Travel

Heartless airline won’t give you a refund even if you have a brain tumor

Everyone who flies the not-so-friendly skies knows that airlines have become increasingly inflexible and unfairly expensive about everything, from checking bags to consuming beverages.

But this is a case in which typical greed crosses over to outrageous heartlessness.

Jahmila Kelly, 32, booked a vacation from her home in frigid London to the beaches of balmy St. Lucia on March 17. Life was good.

Then she received the kind of devastating news that throws a wrench in even the most unmissable getaway. Doctors diagnosed Kelly with a brain tumor.

Of course, she was told that she can’t fly. On top of that, her operation is scheduled for March 4, just 13 days before the Englishwoman’s much anticipated holiday in the sun.

Though the tumor is benign, the mother of one will lose sight in her right eye. Kelly is in a terrible spot and clearly needs to reschedule.

You’d figure that British Airways, along with her travel agent Netflights, would make that as easy as possible. Heck, maybe they’d even throw in an upgrade!

Um, no.

As Kelly explains to the Daily Mail, “As soon as I was diagnosed in January, I rang Netflights and they told me that it was up to [British Airways] to issue a refund. I contacted BA, but they sent me back to Netflights. It’s been a wild-goose chase.”

The round-trip ticket, valued at $1,114, was issued under the condition that it is nonrefundable. Apparently, exceptions are beyond rare. “Unfortunately,” reads an e-mail from Netflights, obtained by the Daily Mail, “the airline’s rules state that all we can give is a partial tax refund. This is only to be waivered for death of a passenger.”

Leave it to an airline to provide customers with the most tinny of silver linings — in fact, one that you must be deceased to appreciate. Very much alive, Kelly is outraged.

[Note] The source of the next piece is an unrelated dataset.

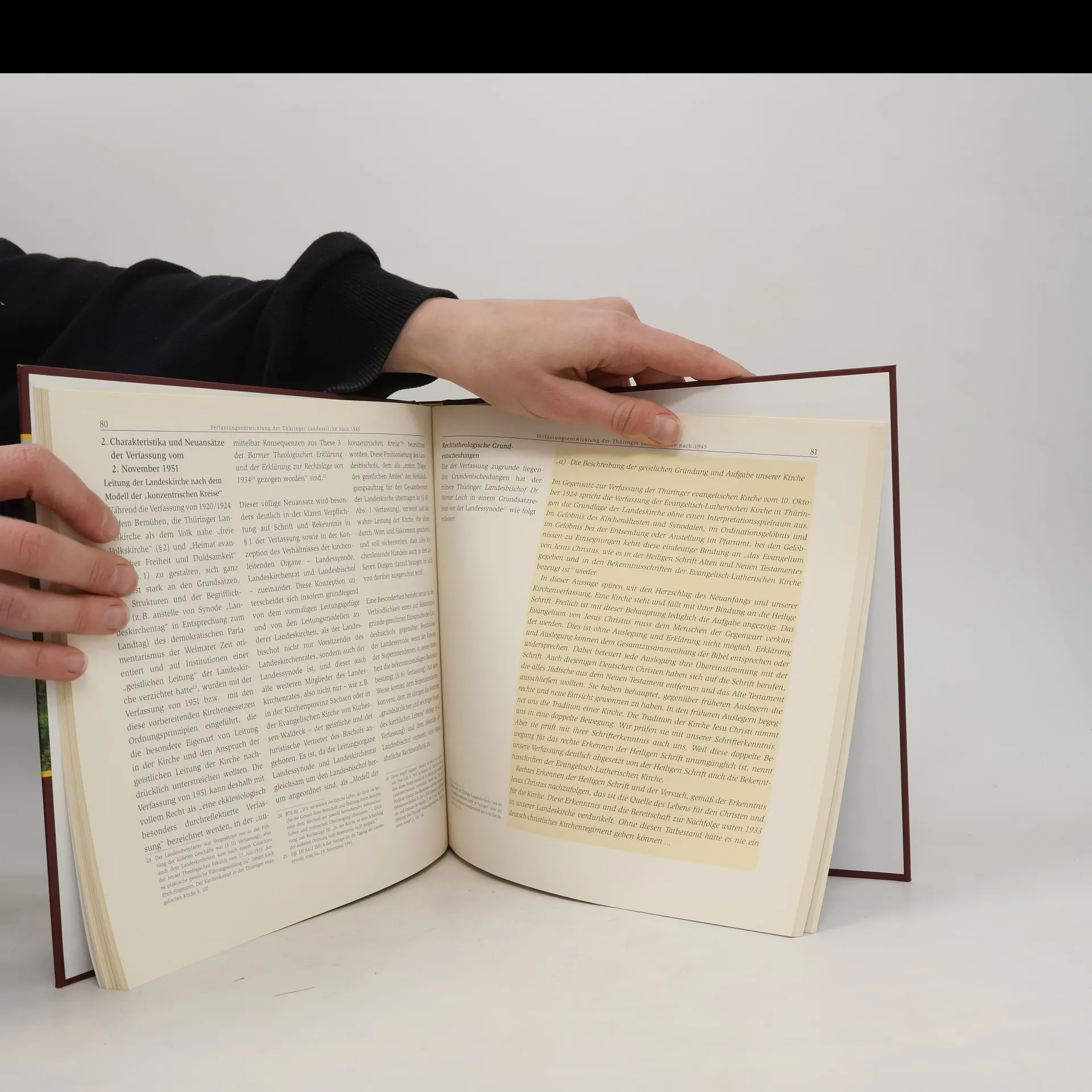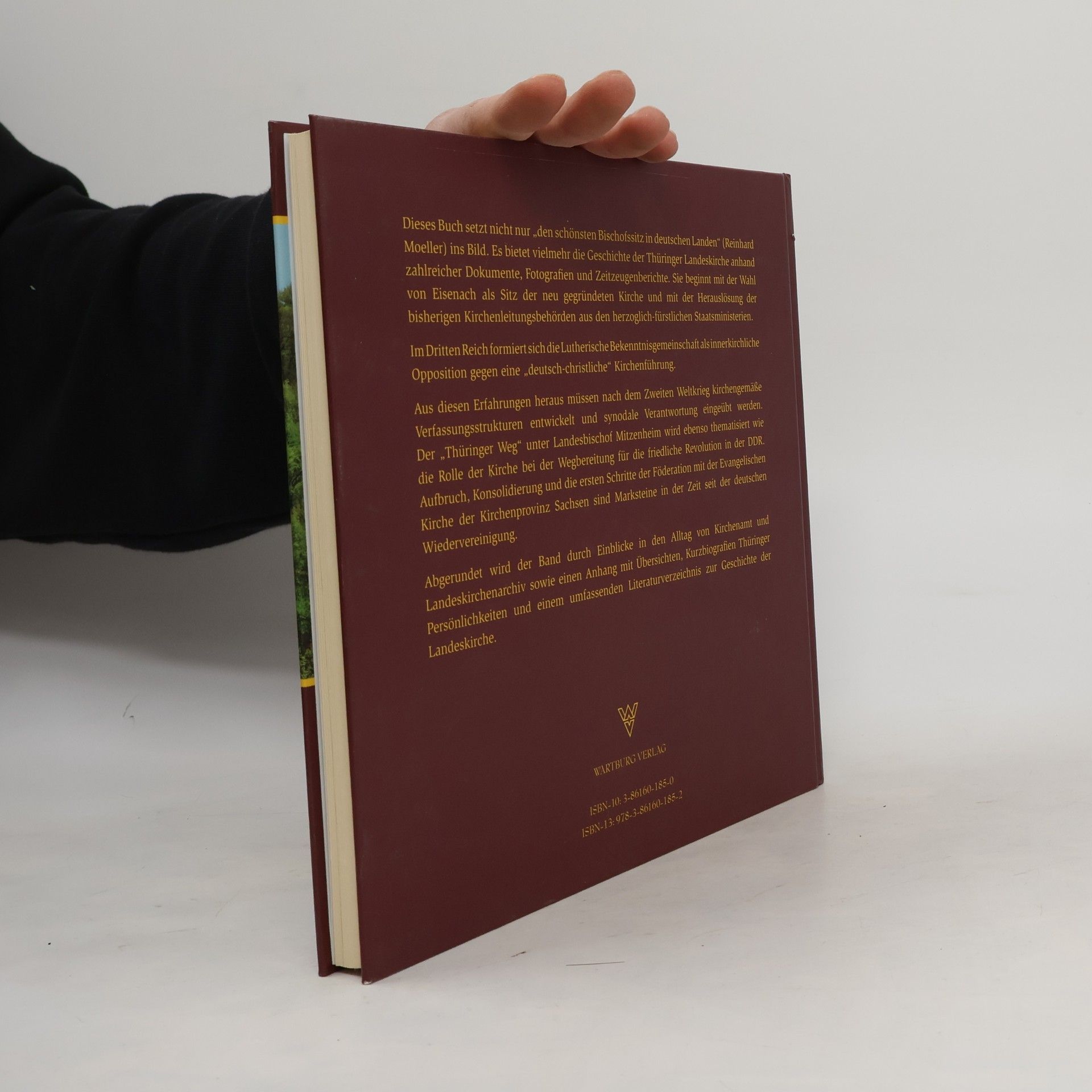 Dieses Buch setzt nicht nur „den schönsten Bischofssitz in deutschen Landen“ (Reinhard Moeller) ins Bild. Es bietet vielmehr die Geschichte der Türinger Landeskirche anhand zahlreicher Dokumente, Fotografien und Zeitzeugenberichte. Sie beginnt mit der Wahl von Eisenach als Sitz der neu gegründeten Kirche und mit der Herauslösung der bisherigen Staatsministerien. Im Dritten Reich formiert sich die Lutherische Bekenntnisgemeinshaft als innerkirchliche Opposition gegen eine „deutsch-christliche“ Kirchenführung. Aus diesen Erfahrungen heraus müssen nach dem Zweiten Weltkrieg kirchengemäße Verfassungsstrukturen entwickelt und synodale Verantwortung eingeübt werden. Der „Thüringer Weg“ unter Landesbischof Mitzenheim wird ebenso thematisiert wie die Rolle der Kirche bei der Wegbereitung für die friedliche Revolution in der DDR. Aufbruch, Konsolidierung und die ersten Schritte der Förderation mit der Evangelischen Kirche der Kirchenprovinz Sachsen sind Marksteine in der Zeit seit der deutschen Wiedervereinigung. Abgerundet wird der Band durch Einblicke in den Alltag von Kirchenamt und Landeskirchenarchiv sowie einen Anhang mit Übersichten, Kurzbiografien Thüringer Persönlichkeiten und einem umfassenden Literaturverzeichnis zur Geschichte der Landeskirche.

“I am disgusted,” she tells MailOnline. “I feel the travel industry should be aimed at delivering and helping the customers, and I don’t think I am getting that experience. I have nerve seizures, headaches, eye pain and nausea. I can’t believe you literally have to be dead for them to even consider a refund.”

British Airways claims to be “investigating this case” but corporate wordplay does nothing for the distraught Kelly. Natalie Hughes, a close friend, tells MailOnline, “Dragging out this process just causes further stress and worry, which is detrimental to her health.”